Check out David Learns Games to read one blogger’s thoughts on tech development, academic research, and game-based learning. In a recent post, Microworlds, Explanatoids, and Extending the Islands of Expertise Theory, the author synthesizes David Williamson Shaffer’s book How Computer Games Help Children Learn, with other scholarly work David has done with Gina Svarovsky. The blogger, who is a game designer himself, ends with the comment that, “If it is true that a game seeking to deliver learning through exploratoids must be not only iterative and autoexpressive but also expressive then I fear that I may be in a hot spot!”
In a Fox News segment on the dangers of kids losing their “moral compass” through playing online games, David responds to the fears of online kids gone wild by suggesting the ways adults can encourage children to play video games responsibly. As he explains in How Computer Games Help Children Learn, the most important things parents can do is play and talk about video games with their children.
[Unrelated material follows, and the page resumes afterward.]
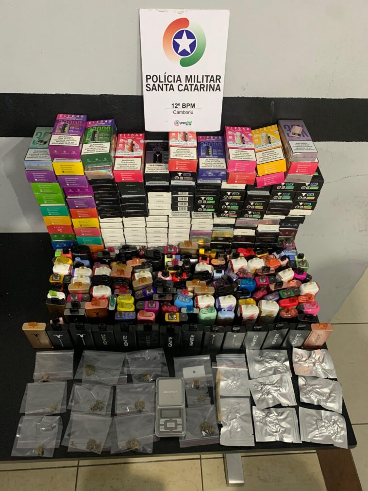 Já na sua residência, na Quarta Avenida, em Balneário Camboriú, foram encontrados maconha, haxixe e skunk fracionadas e prontas para venda, além de 154 unidades de cigarros eletrônicos.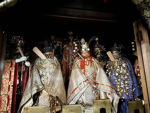 各家で作られた御神体は、頭頂部に真綿(蚕綿)を被せて、印の入った白布と金蘭の布を被せ、首に鈴を付け着飾って祀られる。

David was recently interviewed for “Got Game?” [link removed by source], an article that ran in North Carolina’s Rocky Mount Telegram newspaper. In it, he argues that video games can teach children specific skills and give them motivation to solve real-world problems. “Learning how to play the games first might even inspire people to try new activities when they see the tasks are more possible than they thought,” David said.
I just posted a comment to a piece on the Chronicle of Higher Education Review website. Mark Bauerlein, author of the recent controversial book “The Dumbest Generation,” argues (in a post titled “Web Reactionaries”) that:
Game Scientist David Williamson Shaffer believes that computers alter ‘the way people think in the digital age,’ and he rates their advent with ‘the development of language itself.’
<-snip->
If Web 2.0 marks something fundamentally, radically different in the nature of knowledge and the means of intelligence, and if the young are the lead carriers of the revolution, then the ‘kids-are-alright, everything’s-okay, stop-the-handwringing’ response doesn’t apply. If a revolution is in play, one that reaches down into the hard wiring of thought, it’s not a version of the same old thing. And if the critical reaction to it addresses aspects specific to Web 2.0 and teens’ standard use of it, let’s not pooh-pooh it with easy comparisons to Socrates and the fear of writing.
And my reply:
Did you ever have one of those days where the whole world seemed to be trying to tell you something?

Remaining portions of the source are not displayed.